Sunday, March 26, 2006

Processing Notes, 26 March 2006

So it's been quite a while since my last post, but with the AAC course focused on projects, I've been giving more tutorials and doing less large teaching.

Today in a tutorial, I stumbled upon another nit-pick with Processing's adaptation of the Java syntax: Processing's designers wisely choose to abandon Java's requirement of “one public class per file,” but the pendulum can swing the other direction. We should not be afraid to make the syntax more restrictive when it helps learning.

An example of this is single statement bodies. Processing should never allow this:


    for (int i=0; ...)
       doSomething(i);


But should enforce:


    for (int i=0; ...) {
        doSomething(i);
    }


Again this is very subtle and almost ridiculous, but details matter when teaching.

Thursday, February 09, 2006

Processing Notes, 8 February 2006

Last night's lecture topic was shape grammars. Since we spent much of the time on background and theory, my Processing reflections are skimpy-er.

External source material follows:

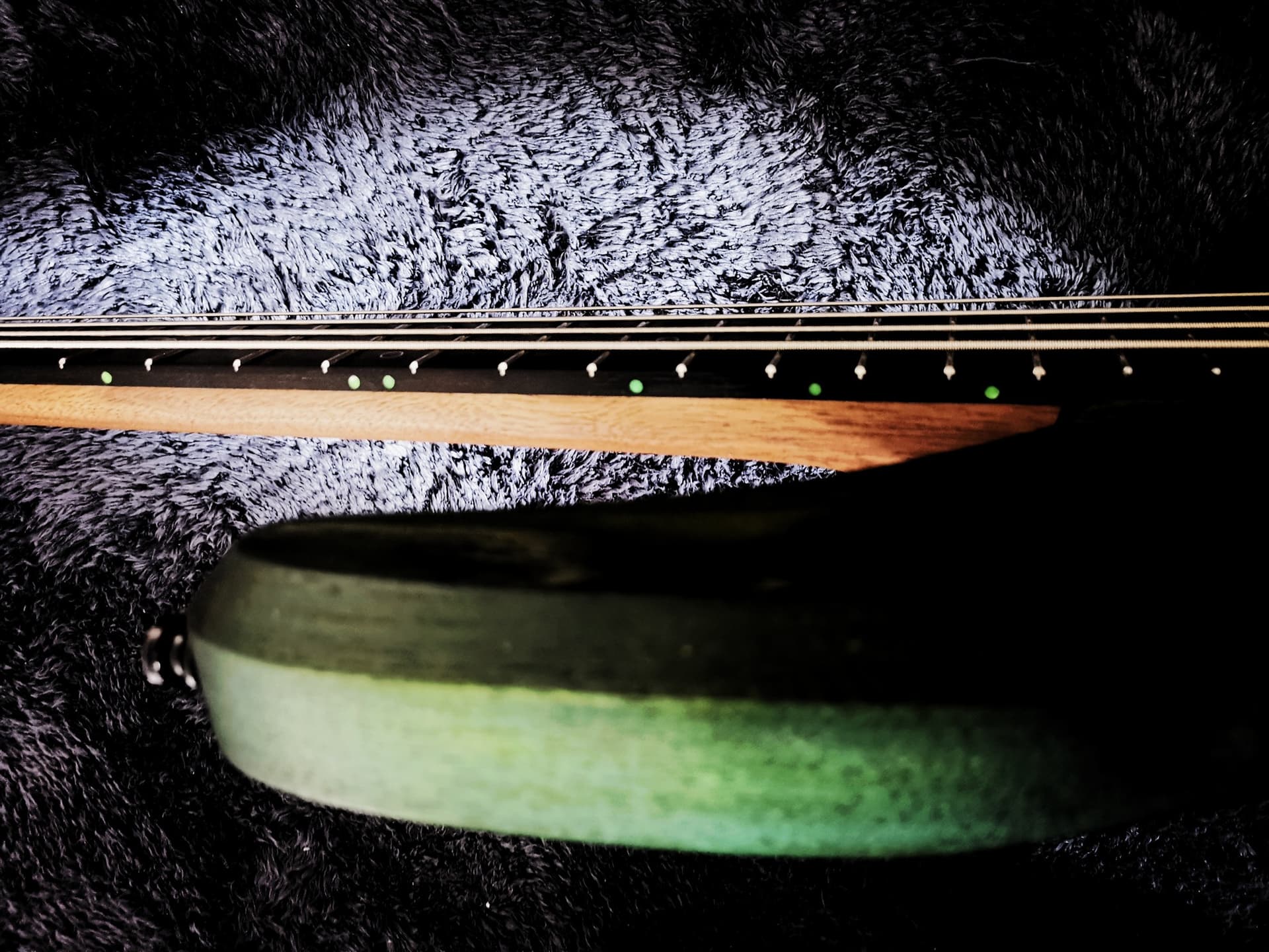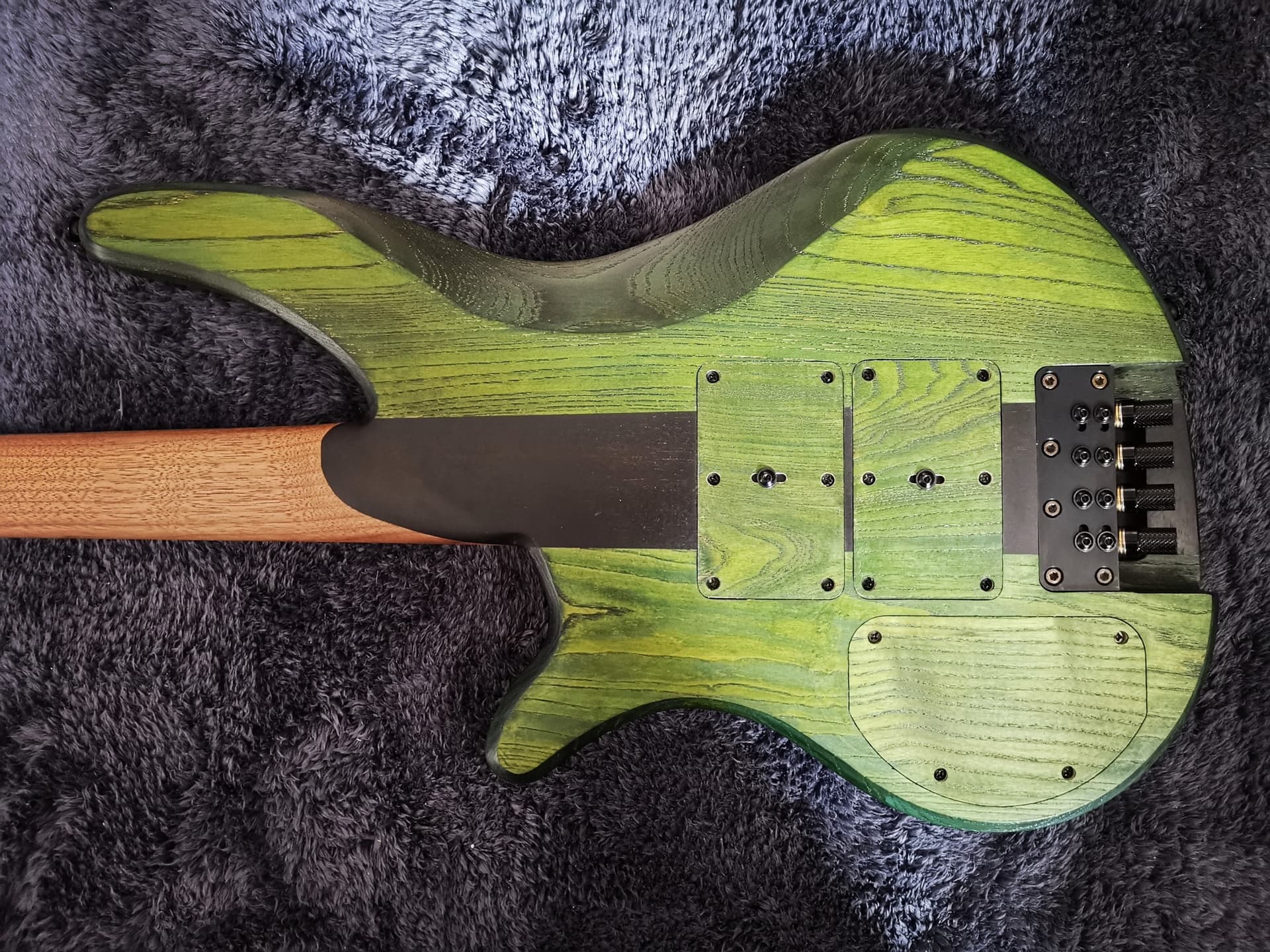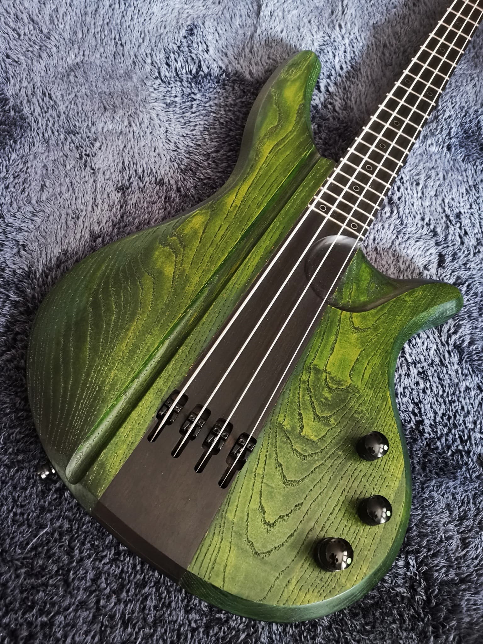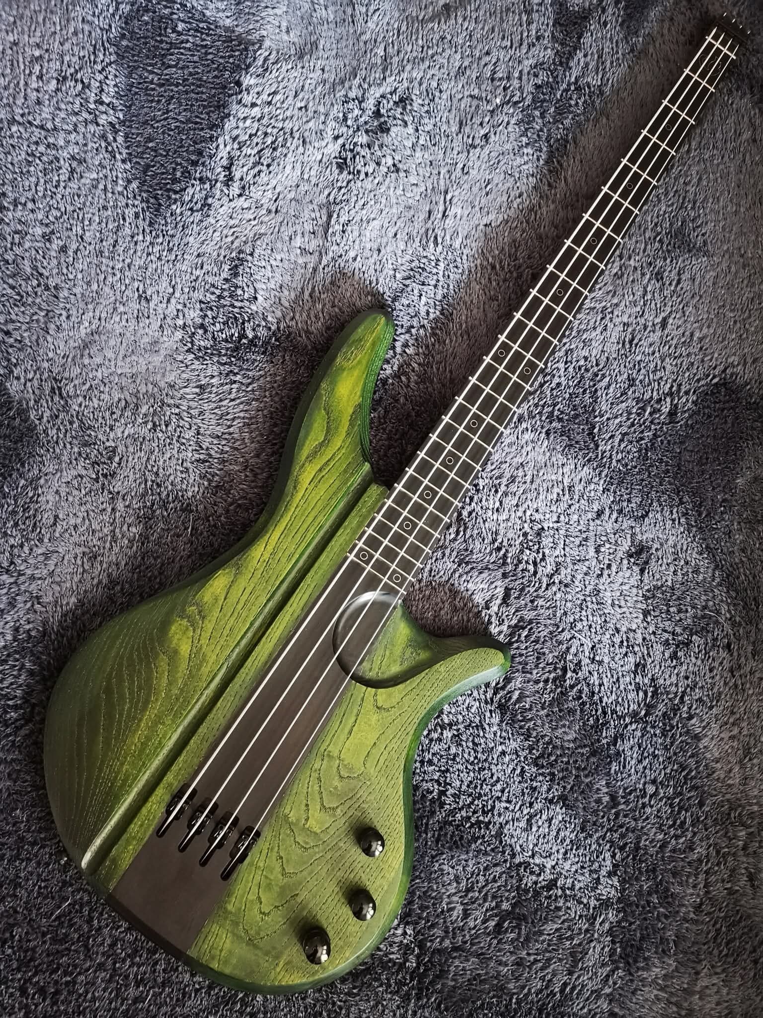 GOOSEMAN “green lantern” bass This bass is innovative - hidden and adjustable pickups, hidden tuners, inverse thumb rest, glow in the dark side & potiknob-dots. The weight is only 2,9kg ( 6.39lb).

Method listing: I tend to find the sophisticated code completion features of environments like Eclipse to be overkill, but one specific tidbit would help novices learning to program with Processing: Method listing, or being able to see a list of all the methods defined on an object. Don't bother with changing what I'm typing — no one ever wants that — but instead follow another common interface metaphor: Select a bit of code, right-click, [Processing parses that tab's AST-and-thinks,] and then show a list of methods in the context menu. Oh and if you don't have a right mouse button, stop drinking the koolaid.

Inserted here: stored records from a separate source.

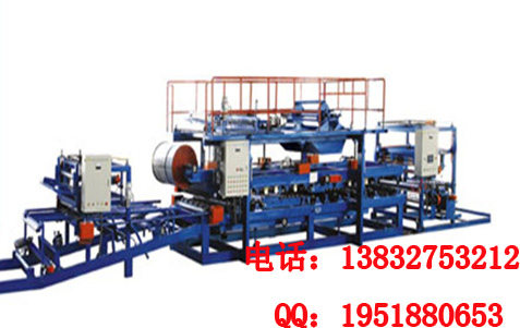 .升降架在40-320毫米范围内可调,有标尺指示.2.采用高精度低速计量泵送胶,变频调速控制,数字仿真量显示。出胶量在0.1kg每分钟内连续无级可调,采用滴胶上胶方式.3进料→放卷→封板成型→整形→压槽→滴胶→加热→卷边→插口→成型→开槽→长度设定输出4.上切割刀相对下切割刀在±200mm范围内可调,有标尺指示.5.生产线主要工艺流程:复合板机生产线速度为0-4.5m/s连续无级可调,变频调速,数... |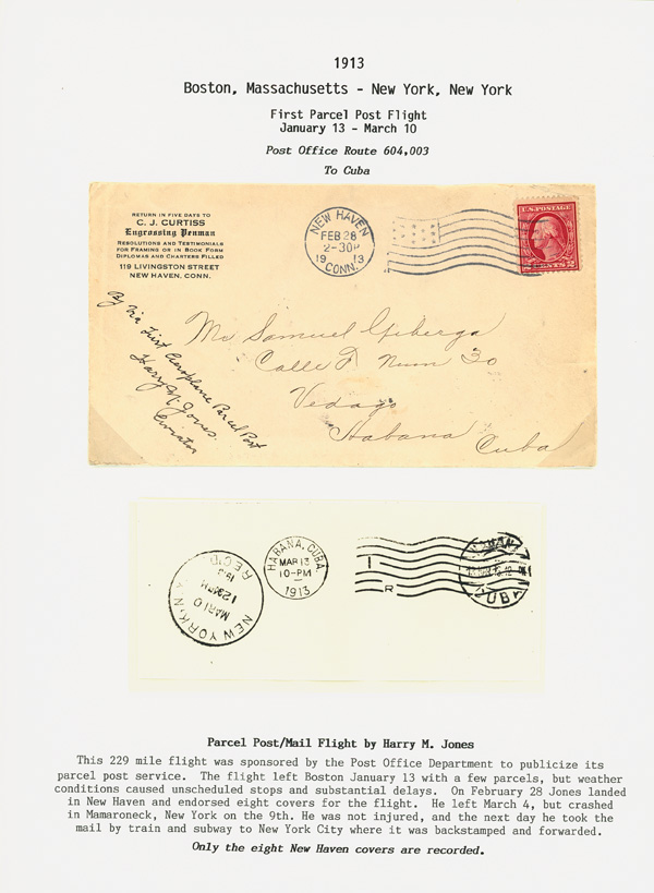 1913 (Jan. 13) First Aerial Parcel Post Service, Boston to New York (AAMC 67), First Class and Parcel Post mail originated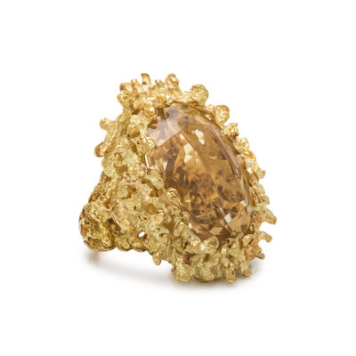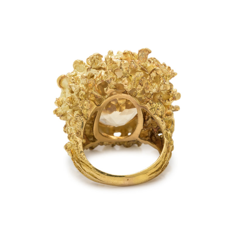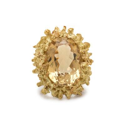 Containing one oval mixed cut citrine measuring approximately 21.35 x 16.00 x 10.00 mm. Ring size 4.

This is important for Java-specific classes, since Sun goes through great effort to bury and obscure the JDK documentation. Kinda like their API... (Thank you javadocs.org.) Coping with inconsistent naming schemes is another good reason (.println() for “print line” but .printMatrix() for “print matrix”). And lastly, method listing would encourage better software design, as the names chosen for methods will be more visible by “trickling up.”

Arrays as primitives: The newer releases of the Sun's JDK reveal one of the early design mistakes in Java, since arrays have become progressively more like proper high-level data types. Processing should embrace this by providing someArray.length() as a pseudo-method on arrays (note the parens), instead of the inconsistent someArray.length. For novices, inconsistency details matter.

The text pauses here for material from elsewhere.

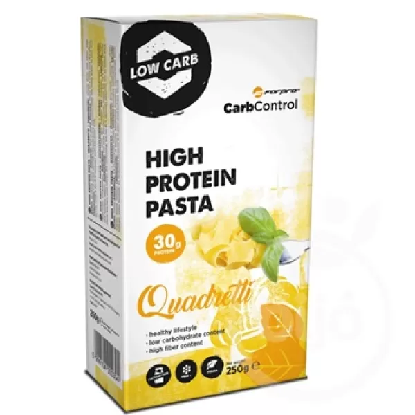 Fopro® CarbControl a hagyományos tészta kalóriaszegény alternatívája. Csökkentett szénhidrát és extra magas protein tartalmú száraztészta, cukorbetegek és fogyni vágyók számára is.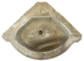 Acquasantiera in marmo, cm h 13x59,5x43, XIX secolo, (difetti).

Duck typing: Not so much a Processing enhancement, but my crying over another in a long line of student questions about the utter madness of teaching novices un-duck typed languages:

Student: Why do we have to cast what comes out of the vector?
Lecturer: Because Java is a overly typed language.
Student: Huh?
Lecturer: Because it's faster. Or something.
Student: But don't we usually ignore performance problems while learning to program...?
Lecturer: /cries

On on that cheery note, that's it for this week.

Friday, February 03, 2006

Teaching Interfaces

A recent comment on Toxi's blog asked about techniques for teaching novice programmers about interfaces, in the context of the Processing development environment. My approach starts by taking a step back from Java's OO biases, and asking about interfaces in general. Contrary to Sun's marketing, interfaces are not best understood as a gentler version of C++'s multiple inheritance. Instead they are a language construct for explicitly representing an object's Contract. A class implementing an interface is guaranteed to provide "at least" a certain sort of behavior, by which we mean "methods."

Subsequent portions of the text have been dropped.